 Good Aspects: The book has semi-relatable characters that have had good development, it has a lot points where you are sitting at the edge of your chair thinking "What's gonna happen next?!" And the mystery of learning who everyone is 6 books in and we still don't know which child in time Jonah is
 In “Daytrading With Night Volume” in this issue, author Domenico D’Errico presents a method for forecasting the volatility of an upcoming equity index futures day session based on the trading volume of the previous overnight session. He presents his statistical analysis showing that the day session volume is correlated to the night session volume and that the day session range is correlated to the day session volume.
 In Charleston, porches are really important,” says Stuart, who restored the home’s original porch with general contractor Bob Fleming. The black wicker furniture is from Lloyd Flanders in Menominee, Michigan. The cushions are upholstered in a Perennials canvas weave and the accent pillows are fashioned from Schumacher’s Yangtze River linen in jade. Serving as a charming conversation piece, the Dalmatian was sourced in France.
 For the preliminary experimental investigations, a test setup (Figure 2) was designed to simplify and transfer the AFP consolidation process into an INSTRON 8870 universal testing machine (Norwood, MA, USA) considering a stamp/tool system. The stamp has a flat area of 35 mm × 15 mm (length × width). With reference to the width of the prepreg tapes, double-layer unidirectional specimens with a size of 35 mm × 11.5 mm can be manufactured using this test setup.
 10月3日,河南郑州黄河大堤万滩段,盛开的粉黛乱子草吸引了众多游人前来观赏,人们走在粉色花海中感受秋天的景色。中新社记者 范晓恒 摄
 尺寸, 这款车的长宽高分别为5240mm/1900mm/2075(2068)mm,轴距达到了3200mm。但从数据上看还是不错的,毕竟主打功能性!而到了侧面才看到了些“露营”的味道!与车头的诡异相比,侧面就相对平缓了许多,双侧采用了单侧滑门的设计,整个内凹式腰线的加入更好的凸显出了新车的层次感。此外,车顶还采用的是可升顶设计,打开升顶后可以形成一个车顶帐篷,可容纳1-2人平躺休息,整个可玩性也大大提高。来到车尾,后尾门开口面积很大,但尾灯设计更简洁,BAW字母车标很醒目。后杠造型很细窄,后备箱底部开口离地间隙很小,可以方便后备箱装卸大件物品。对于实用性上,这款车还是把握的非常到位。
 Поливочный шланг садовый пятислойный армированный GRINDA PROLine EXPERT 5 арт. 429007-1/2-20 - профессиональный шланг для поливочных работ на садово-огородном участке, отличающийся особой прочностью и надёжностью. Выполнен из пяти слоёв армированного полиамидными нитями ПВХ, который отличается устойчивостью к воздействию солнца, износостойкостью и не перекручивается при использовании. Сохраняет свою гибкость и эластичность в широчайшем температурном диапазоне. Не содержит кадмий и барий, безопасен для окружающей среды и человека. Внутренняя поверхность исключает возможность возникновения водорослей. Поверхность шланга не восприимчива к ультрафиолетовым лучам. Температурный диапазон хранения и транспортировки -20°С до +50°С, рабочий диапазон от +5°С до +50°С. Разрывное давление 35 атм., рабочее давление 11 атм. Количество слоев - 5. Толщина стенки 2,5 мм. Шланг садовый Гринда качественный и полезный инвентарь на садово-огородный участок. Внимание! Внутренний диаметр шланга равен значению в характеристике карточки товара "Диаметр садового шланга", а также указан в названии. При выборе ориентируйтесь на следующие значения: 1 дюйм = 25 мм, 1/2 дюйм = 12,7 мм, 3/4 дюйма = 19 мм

+ + + + + + +

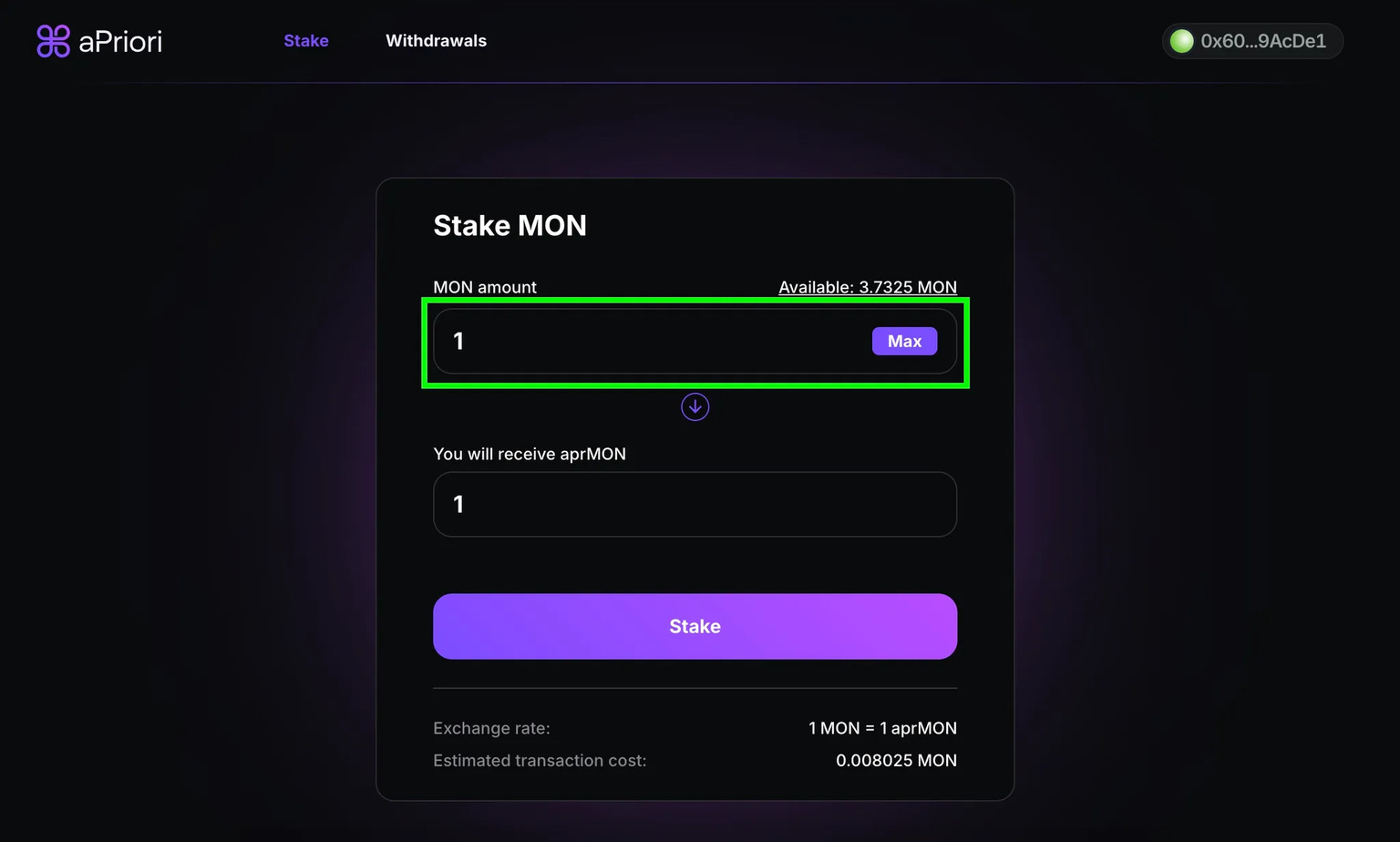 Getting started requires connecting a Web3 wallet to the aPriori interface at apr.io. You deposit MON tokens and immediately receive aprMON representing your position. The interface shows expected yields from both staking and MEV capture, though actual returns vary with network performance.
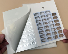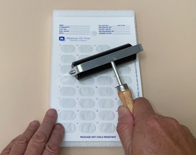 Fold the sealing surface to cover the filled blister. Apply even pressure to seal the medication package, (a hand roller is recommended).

+ + + + + + +

**What this task involves**
Above are the entries. Output exactly the lines beginning with the line that has "Good Aspects: The" and ending with the line that has "For the preliminary".

**Exercise solution**
 Good Aspects: The book has semi-relatable characters that have had good development, it has a lot points where you are sitting at the edge of your chair thinking "What's gonna happen next?!" And the mystery of learning who everyone is 6 books in and we still don't know which child in time Jonah is
 In “Daytrading With Night Volume” in this issue, author Domenico D’Errico presents a method for forecasting the volatility of an upcoming equity index futures day session based on the trading volume of the previous overnight session. He presents his statistical analysis showing that the day session volume is correlated to the night session volume and that the day session range is correlated to the day session volume.
 In Charleston, porches are really important,” says Stuart, who restored the home’s original porch with general contractor Bob Fleming. The black wicker furniture is from Lloyd Flanders in Menominee, Michigan. The cushions are upholstered in a Perennials canvas weave and the accent pillows are fashioned from Schumacher’s Yangtze River linen in jade. Serving as a charming conversation piece, the Dalmatian was sourced in France.
 For the preliminary experimental investigations, a test setup (Figure 2) was designed to simplify and transfer the AFP consolidation process into an INSTRON 8870 universal testing machine (Norwood, MA, USA) considering a stamp/tool system. The stamp has a flat area of 35 mm × 15 mm (length × width). With reference to the width of the prepreg tapes, double-layer unidirectional specimens with a size of 35 mm × 11.5 mm can be manufactured using this test setup.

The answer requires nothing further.